• TASK STATEMENT: An exact copy of every record, with no pictures, please.

Records excerpted from a collection:
━━━

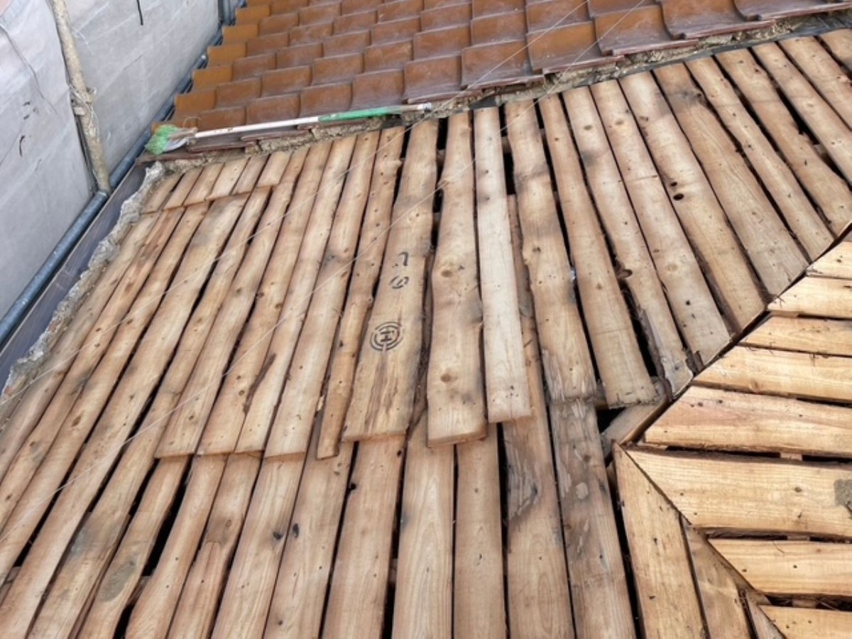 今回は屋根全面葺き替えではなく、雨漏り箇所上部一定範囲のみの部分葺き替え工事の為、工事範囲の瓦と土を撤去致しました。
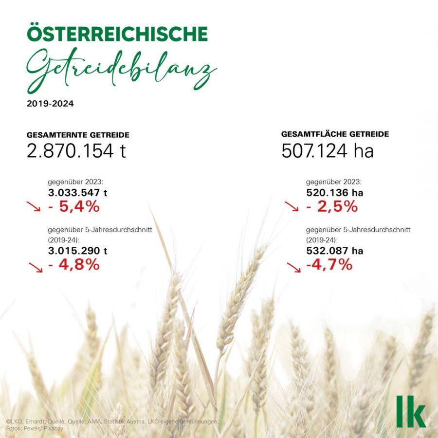 Derzeit wird mit einer geringeren, durchschnittlichen Getreideernte von knapp 2,87 Mio. t gerechnet. Das entspricht einem Minus von 5,4% gegenüber der Vorjahresmenge und einem Minus von 4,8% gegenüber dem Fünf-Jahresschnitt. Insbesondere die feuchten Anbaubedingungen im Herbst, aber auch unattraktive Marktpreise haben zu einer im Vergleich zu 2023 um 2,5% geringeren Getreideanbaufläche von 507.000 ha geführt. Während Getreide, Mais, Sonnenblumen und Raps zu den flächenmäßigen Verlierern zählen, wurden Zuckerrüben, Ölkürbisse und Erdäpfel wieder verstärkt angebaut.
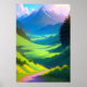 ake a journey through nature's serenity with our captivating digital art poster. This stunning masterpiece features a dirt road winding down a hill into a beautiful green valley, with trees and hills in the distance, and towering mountains reaching for the sky in the far background. Order now and let this stunning poster transport you to a world of natural wonder.
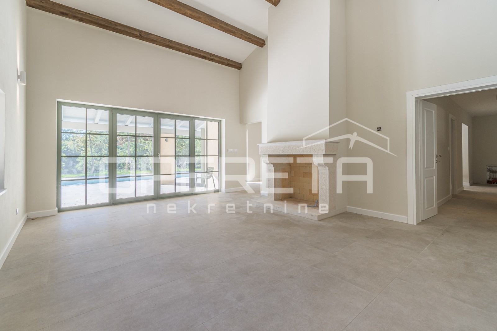 The ground floor features an entrance hall, a spacious kitchen with dining area, a living room dominated by a beautiful fireplace, a guest WC, and one bedroom with its own bathroom. Each room on the ground floor has direct access to the covered terrace, expansive sundecks, and the pool, creating a perfect blend of indoor and outdoor living.
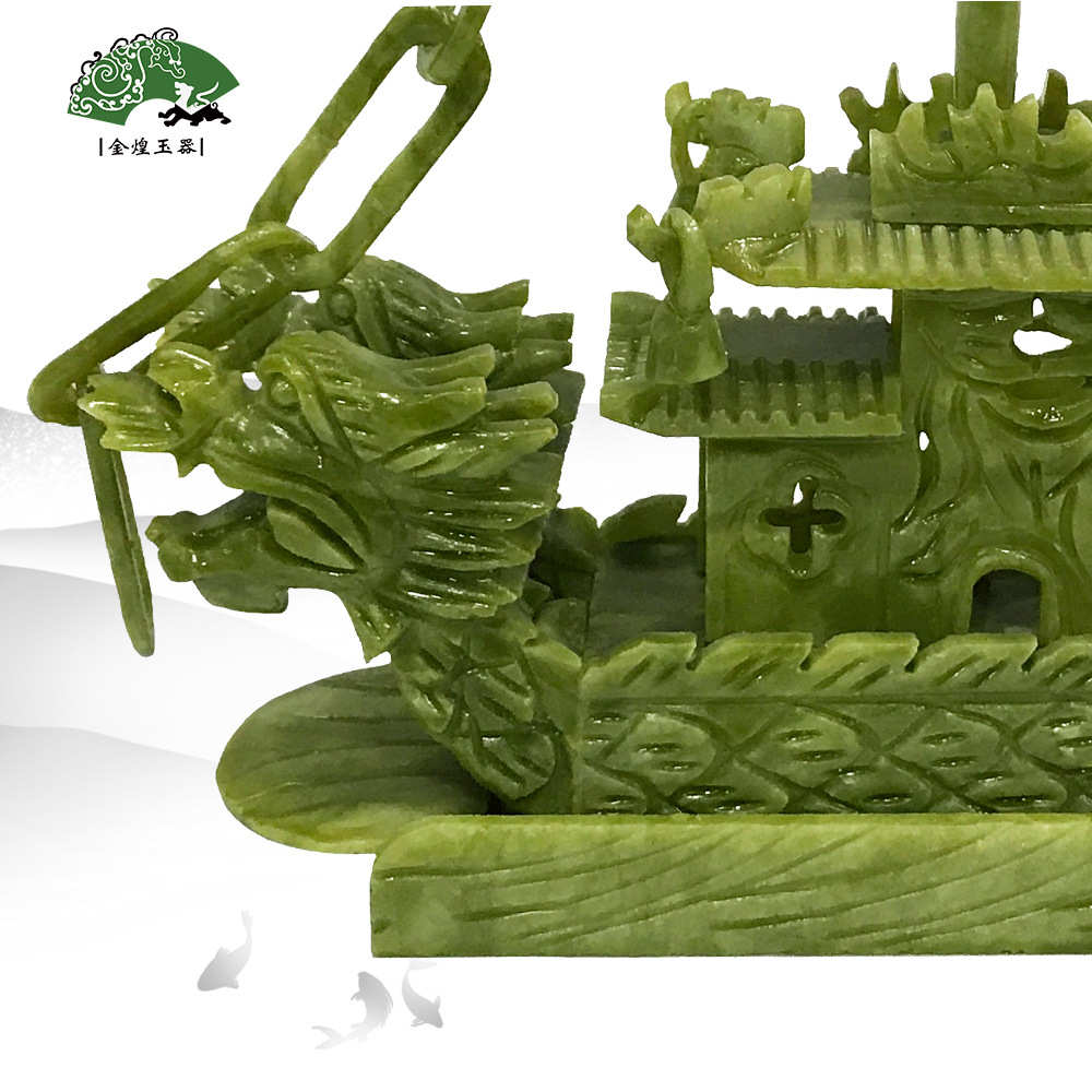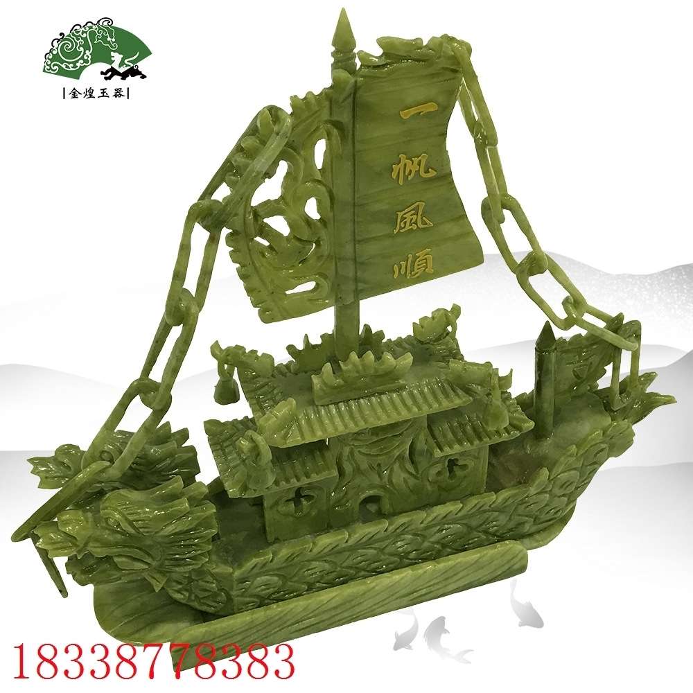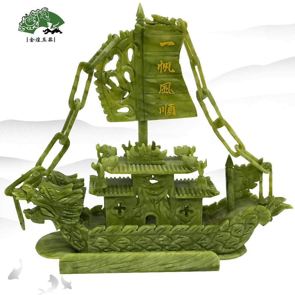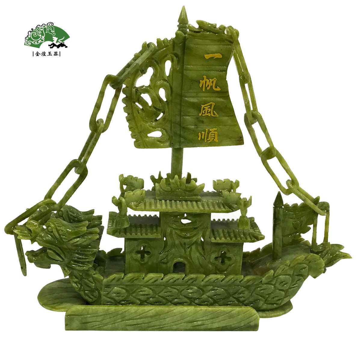 玉石摆件一帆风顺龙船稳步前进办公室客厅装饰手工艺品玉摆件
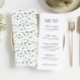 Amplify your wedding experience with these elegant watercolor rustic wedding menu cards, adorned with vibrant blue and yellow flower blooms and complemented by sophisticated navy blue text.

━━━

• SOLUTION:
 今回は屋根全面葺き替えではなく、雨漏り箇所上部一定範囲のみの部分葺き替え工事の為、工事範囲の瓦と土を撤去致しました。
 Derzeit wird mit einer geringeren, durchschnittlichen Getreideernte von knapp 2,87 Mio. t gerechnet. Das entspricht einem Minus von 5,4% gegenüber der Vorjahresmenge und einem Minus von 4,8% gegenüber dem Fünf-Jahresschnitt. Insbesondere die feuchten Anbaubedingungen im Herbst, aber auch unattraktive Marktpreise haben zu einer im Vergleich zu 2023 um 2,5% geringeren Getreideanbaufläche von 507.000 ha geführt. Während Getreide, Mais, Sonnenblumen und Raps zu den flächenmäßigen Verlierern zählen, wurden Zuckerrüben, Ölkürbisse und Erdäpfel wieder verstärkt angebaut.
 ake a journey through nature's serenity with our captivating digital art poster. This stunning masterpiece features a dirt road winding down a hill into a beautiful green valley, with trees and hills in the distance, and towering mountains reaching for the sky in the far background. Order now and let this stunning poster transport you to a world of natural wonder.
 The ground floor features an entrance hall, a spacious kitchen with dining area, a living room dominated by a beautiful fireplace, a guest WC, and one bedroom with its own bathroom. Each room on the ground floor has direct access to the covered terrace, expansive sundecks, and the pool, creating a perfect blend of indoor and outdoor living.
 玉石摆件一帆风顺龙船稳步前进办公室客厅装饰手工艺品玉摆件
 Amplify your wedding experience with these elegant watercolor rustic wedding menu cards, adorned with vibrant blue and yellow flower blooms and complemented by sophisticated navy blue text.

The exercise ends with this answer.